Yes, but whether it works for you depends on your tolerance for the complexity.
- Cleanly separate writing, storing, and consuming the data.
- Use a SSD or dedicated and limited pool of drives for downloads / torrents.
- When downloaded move the files to the primary storage pool.
- When setting up software like Plex, Jellyfin, etc. point to the underlying filesystems. Not mergerfs.
- Add a bunch of bcache, lvmcache, dm-cache, or similar block level cache to your setup. After a bit of use, assuming sufficient storage space, you can limit the likelihood of the underlying spinning disks from needing to be hit.
- Tweak your system's settings around caching:
- mount all your filesystems with
noatimeto disable updating "last accessed" time on files. - mount all your filesystems with
nodiratimeto disable updating "last accessed" time on directories. sudo sysctl -w vm.vfs_cache_pressure=10: Prioritizes keeping file metadata cached in RAM.sudo sysctl -w vm.dirty_ratio=40: Allows up to 40% of system memory to be filled with unwritten "dirty" data before forcing a disk flush.sudo sysctl -w vm.dirty_background_ratio=5: Sets a lower threshold (5%) for the kernel to start writing data in the background without blocking applications.sudo sysctl -w vm.dirty_writeback_centisecs=6000: Increases the interval between kernel writeback checks to 60 seconds (default is usually 5).sudo sysctl -w vm.dirty_expire_centisecs=12000: Allows data to stay "dirty" in RAM for up to 120 seconds before it must be written to disk.- To make
sysctlvalues permanent add the above to/etc/sysctl.conf. - Note: for systems with limited RAM the above
sysctlvalues could cause issues. - Note: if you increase the time for which data is stored in RAM before being flushed to disk there is also an increased risk that a sudden powerloss could lead to lost data.

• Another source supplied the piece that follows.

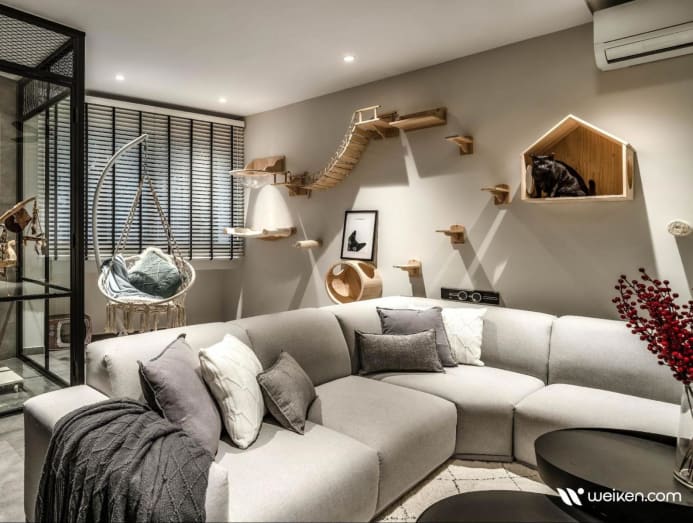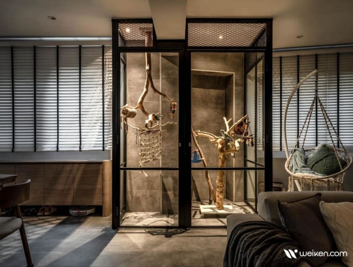 Not a dog person? No problem. Pet-friendly spaces work for all kinds of companions whether they’re furry or feathered. Take this four-room resale HDB flat in Woodlands, in which interior designer Lucas Ngan created a bird enclosure for two parrots and a wall-mounted playground for two cats.

- mount all your filesystems with
- Enable all the appropriate caches in mergerfs:
- https://trapexit.github.io/mergerfs/latest/config/cache/
cache.entry=86400: cache file existence for 24h.cache.negative-entry=86400: cache file non-existence for 24h.cache.attr=86400: cache file metadata for 24h.cache.symlinks=true: enable symlink caching.cache.readdir=true: enable directory listing caching.
References
- Documentation for /proc/sys/vm/
- How to Configure vm.swappiness and Other Virtual Memory Parameters on RHEL
Tradeoffs
While it may be a trade off you are willing to live with there is decent evidence that spinning down drives puts material increased wear on them and can lead to their death earlier than otherwise. You may end up saving money on electricity but spending more on having to purchase new drives sooner.
Alternatives
Project Comparisons lists a few projects that are similar to mergerfs but offer caching. Please note that these projects are very young and not general purpose like mergerfs. Their compliance to POSIX filesystem rules is probably low enough that certain behaviors may not work or worse lead to data corruption.
I'm not suggesting not to look at those projects but filesystem development is complicated even when it appears to be just a layer on top of another. Just be careful and do your research. That stands for anything touching your data... mergerfs included.
To the degree that mergerfs can add features which help in this situation, so long as it doesn't interfere with other fundamental features, they may be added over time.